Вуб изобразил нечто вроде пожатия плечами.
— Видимо, да. Именно так они нас и называют — туземцы то есть. У нас есть свой собственный термин.
— И вы говорите по-английски? Вы находились прежде в контакте с земными людьми?
— Нет.
— Тогда как же вы это делаете?
— Говорю по-английски? А я что, говорю по-английски? Я, собственно, и не осознаю, что говорю на каком-то конкретном языке.

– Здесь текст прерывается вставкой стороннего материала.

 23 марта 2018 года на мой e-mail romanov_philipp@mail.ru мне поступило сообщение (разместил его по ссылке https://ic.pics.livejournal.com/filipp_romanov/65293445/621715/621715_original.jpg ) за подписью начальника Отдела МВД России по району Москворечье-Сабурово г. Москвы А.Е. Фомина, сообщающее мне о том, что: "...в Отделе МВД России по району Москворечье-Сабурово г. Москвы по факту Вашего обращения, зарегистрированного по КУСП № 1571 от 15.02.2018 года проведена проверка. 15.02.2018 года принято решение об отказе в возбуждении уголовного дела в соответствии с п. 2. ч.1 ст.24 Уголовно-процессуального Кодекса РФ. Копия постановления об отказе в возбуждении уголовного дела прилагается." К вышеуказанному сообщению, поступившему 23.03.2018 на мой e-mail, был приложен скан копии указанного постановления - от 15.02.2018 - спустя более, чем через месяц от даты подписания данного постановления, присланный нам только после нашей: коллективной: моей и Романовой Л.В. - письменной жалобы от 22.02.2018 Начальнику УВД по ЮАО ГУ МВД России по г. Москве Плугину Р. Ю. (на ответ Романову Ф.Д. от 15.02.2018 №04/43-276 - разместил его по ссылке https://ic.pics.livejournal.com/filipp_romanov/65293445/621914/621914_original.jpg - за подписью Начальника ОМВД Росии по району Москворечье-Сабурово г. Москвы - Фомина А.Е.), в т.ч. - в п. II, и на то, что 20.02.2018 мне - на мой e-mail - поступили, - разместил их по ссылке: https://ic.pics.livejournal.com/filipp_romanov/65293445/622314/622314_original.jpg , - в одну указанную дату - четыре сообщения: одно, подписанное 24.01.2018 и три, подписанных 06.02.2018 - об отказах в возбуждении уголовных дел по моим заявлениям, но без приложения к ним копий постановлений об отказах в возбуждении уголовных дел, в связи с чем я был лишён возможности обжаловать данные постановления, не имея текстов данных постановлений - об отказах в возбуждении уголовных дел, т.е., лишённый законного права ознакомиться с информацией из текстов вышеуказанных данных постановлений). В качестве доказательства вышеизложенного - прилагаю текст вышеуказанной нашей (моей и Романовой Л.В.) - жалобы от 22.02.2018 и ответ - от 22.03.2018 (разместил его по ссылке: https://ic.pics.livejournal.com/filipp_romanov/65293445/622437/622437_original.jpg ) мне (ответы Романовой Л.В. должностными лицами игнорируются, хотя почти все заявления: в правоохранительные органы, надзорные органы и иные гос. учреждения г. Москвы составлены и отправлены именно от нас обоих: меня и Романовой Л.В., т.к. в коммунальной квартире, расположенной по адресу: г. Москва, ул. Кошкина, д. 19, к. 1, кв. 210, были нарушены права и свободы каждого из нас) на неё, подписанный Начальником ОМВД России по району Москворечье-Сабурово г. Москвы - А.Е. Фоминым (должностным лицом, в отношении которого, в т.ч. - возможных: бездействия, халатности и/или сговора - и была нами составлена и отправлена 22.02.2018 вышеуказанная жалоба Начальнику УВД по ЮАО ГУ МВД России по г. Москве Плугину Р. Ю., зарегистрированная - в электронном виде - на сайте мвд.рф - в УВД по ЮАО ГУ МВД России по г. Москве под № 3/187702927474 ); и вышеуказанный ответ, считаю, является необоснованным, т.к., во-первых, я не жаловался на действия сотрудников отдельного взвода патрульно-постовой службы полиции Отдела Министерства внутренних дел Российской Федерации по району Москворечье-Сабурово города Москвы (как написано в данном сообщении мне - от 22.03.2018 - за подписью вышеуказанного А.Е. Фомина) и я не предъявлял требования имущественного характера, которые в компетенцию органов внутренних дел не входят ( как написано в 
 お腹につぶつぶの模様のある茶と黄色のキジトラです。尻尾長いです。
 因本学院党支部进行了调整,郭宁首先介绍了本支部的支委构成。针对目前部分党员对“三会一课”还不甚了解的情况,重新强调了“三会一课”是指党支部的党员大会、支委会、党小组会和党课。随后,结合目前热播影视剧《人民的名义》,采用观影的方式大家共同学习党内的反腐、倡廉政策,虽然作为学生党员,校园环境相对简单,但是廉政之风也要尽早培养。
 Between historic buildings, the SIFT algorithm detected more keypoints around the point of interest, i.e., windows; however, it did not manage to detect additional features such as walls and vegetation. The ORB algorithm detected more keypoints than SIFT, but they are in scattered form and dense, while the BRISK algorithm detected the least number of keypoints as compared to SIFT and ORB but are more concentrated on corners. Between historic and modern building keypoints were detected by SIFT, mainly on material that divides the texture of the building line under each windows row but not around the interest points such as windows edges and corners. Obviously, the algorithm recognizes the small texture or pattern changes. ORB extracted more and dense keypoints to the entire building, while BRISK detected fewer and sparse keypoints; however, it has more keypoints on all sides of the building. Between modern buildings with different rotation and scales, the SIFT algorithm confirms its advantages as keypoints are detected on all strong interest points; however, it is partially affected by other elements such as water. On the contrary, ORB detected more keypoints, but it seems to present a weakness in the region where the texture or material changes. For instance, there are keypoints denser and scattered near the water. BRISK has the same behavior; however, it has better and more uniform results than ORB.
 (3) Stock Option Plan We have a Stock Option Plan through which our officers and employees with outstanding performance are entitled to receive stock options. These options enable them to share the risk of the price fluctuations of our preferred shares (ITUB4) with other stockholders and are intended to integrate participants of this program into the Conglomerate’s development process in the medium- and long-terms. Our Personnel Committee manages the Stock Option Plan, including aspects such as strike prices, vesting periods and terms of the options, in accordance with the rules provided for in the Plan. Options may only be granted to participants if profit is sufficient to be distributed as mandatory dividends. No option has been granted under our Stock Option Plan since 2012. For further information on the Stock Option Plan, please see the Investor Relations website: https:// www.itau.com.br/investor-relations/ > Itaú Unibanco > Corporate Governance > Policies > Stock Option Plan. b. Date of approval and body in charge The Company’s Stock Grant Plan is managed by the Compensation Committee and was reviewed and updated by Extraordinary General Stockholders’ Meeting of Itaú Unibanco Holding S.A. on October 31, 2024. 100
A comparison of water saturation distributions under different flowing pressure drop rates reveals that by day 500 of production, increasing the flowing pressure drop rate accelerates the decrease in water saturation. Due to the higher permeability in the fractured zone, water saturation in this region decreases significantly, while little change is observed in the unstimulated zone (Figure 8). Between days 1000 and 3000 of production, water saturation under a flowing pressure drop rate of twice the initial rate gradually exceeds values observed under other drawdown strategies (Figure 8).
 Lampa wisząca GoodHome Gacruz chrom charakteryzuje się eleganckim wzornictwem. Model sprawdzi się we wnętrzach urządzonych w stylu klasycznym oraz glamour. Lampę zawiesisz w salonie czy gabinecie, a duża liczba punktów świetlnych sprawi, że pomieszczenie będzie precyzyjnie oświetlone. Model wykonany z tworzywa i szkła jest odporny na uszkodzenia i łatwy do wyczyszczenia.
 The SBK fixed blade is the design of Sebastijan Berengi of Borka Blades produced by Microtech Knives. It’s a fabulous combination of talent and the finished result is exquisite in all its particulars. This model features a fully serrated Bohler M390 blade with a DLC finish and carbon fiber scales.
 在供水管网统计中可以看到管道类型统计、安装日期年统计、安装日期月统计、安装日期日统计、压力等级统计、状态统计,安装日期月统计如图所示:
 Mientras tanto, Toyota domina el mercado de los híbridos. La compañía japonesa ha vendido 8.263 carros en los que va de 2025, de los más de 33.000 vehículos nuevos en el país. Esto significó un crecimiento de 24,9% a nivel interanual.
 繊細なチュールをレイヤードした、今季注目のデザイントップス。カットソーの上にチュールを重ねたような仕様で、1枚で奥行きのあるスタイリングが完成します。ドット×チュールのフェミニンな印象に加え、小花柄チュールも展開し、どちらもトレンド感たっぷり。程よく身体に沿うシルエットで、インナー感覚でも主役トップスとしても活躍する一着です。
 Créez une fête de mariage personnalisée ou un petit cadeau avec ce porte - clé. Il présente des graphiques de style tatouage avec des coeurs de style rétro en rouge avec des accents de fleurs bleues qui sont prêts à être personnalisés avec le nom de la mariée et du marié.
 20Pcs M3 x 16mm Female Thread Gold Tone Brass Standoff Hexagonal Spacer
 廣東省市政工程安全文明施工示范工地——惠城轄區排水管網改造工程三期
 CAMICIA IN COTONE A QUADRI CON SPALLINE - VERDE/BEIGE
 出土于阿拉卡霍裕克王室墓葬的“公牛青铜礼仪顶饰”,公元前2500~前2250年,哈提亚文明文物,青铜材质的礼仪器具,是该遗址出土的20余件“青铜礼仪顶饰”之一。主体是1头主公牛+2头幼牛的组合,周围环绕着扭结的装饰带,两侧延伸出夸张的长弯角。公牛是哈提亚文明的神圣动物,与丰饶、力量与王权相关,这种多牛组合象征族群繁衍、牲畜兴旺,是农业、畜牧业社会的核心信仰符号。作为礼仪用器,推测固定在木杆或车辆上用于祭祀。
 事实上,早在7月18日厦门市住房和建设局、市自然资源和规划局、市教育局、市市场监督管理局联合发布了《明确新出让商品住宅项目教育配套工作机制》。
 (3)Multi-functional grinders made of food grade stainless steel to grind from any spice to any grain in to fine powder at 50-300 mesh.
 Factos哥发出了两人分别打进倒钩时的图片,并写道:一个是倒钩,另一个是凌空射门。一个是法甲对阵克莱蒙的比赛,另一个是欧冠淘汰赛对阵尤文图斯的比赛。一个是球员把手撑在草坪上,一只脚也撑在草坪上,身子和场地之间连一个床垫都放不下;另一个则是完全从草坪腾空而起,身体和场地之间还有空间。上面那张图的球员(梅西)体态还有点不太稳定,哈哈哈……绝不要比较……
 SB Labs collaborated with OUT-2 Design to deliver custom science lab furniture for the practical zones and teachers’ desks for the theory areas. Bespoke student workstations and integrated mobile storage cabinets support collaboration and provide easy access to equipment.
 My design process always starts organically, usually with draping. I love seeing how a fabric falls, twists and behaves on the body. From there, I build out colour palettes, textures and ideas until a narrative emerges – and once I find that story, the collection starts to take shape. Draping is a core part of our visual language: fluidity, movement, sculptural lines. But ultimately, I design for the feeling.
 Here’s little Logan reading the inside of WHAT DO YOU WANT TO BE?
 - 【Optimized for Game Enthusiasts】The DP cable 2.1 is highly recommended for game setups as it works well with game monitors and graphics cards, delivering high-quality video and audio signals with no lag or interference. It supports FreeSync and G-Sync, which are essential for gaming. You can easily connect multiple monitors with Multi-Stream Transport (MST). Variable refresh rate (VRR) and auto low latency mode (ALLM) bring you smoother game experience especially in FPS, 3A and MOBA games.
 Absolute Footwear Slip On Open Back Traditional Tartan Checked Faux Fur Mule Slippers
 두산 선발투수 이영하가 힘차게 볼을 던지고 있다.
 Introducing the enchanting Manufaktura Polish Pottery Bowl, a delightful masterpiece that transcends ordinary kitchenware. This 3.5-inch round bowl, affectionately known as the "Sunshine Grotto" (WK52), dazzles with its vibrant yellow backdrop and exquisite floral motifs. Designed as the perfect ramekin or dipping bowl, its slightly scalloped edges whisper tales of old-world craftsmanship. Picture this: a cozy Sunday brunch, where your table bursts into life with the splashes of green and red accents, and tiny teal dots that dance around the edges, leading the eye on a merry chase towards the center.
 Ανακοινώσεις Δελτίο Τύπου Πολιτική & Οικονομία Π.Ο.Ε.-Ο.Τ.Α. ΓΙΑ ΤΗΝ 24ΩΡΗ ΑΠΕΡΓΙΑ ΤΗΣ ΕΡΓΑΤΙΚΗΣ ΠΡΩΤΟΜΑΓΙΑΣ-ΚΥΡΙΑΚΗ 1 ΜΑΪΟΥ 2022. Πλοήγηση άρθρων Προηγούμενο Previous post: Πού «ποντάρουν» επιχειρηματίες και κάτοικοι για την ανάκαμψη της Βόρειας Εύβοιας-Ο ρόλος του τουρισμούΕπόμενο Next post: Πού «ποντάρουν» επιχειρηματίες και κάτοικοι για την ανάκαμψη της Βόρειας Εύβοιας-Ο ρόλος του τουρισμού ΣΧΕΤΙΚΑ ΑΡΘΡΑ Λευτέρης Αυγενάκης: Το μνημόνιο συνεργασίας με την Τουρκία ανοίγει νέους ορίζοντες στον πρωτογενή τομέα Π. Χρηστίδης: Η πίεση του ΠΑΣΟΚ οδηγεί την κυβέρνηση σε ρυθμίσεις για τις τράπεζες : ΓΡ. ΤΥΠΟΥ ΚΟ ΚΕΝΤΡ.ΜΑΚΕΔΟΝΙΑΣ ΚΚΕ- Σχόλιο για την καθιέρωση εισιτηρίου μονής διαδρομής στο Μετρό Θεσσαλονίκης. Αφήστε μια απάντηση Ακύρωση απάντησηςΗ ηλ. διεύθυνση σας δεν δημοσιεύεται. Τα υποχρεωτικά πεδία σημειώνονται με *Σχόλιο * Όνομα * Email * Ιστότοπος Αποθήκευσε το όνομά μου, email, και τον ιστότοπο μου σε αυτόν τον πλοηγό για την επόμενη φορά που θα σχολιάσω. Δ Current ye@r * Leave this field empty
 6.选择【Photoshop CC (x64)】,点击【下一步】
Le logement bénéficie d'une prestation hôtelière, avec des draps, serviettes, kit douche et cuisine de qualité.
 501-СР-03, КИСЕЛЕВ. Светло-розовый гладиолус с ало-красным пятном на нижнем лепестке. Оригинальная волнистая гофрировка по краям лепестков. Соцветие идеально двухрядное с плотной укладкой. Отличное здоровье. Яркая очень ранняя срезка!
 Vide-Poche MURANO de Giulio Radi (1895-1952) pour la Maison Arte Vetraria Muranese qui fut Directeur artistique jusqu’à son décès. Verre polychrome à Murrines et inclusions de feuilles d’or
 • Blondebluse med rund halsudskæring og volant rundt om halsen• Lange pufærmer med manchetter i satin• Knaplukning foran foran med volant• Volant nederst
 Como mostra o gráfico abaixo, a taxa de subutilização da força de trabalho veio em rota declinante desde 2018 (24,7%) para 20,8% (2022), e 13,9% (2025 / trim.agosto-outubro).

Я обследовал ваш мозг…
— Мой мозг?
— Изучил его содержимое, особенно ту часть этого содержимого, которую я называю семантической кладовой…
— Ясно, — покачал головой капитан. — Телепатия, можно было догадаться.
— Мы — очень старая раса, — продолжал вуб. — Очень старая и очень, я бы сказал, корпулентная. Нам трудно двигаться с места на место. Как вам понятно, существа столь медлительные и неповоротливые полностью отданы на милость более проворных жизненных форм. Нам не было ровно никакого смысла полагаться на материальные средства защиты. Разве могли мы победить? Слишком тяжелые, чтобы убегать, слишком мягкотелые, чтобы сражаться, слишком добросердечные, чтобы охотиться на дичь…
— Чем вы питаетесь?
— Растения. Овощи. Мы можем есть почти все. У нас очень широкие взгляды на вещи. Да, мы терпимы, эклектичны, лишены каких бы то ни было предубеждений. Мы живем сами и не мешаем жить другим. Вот так мы и существуем.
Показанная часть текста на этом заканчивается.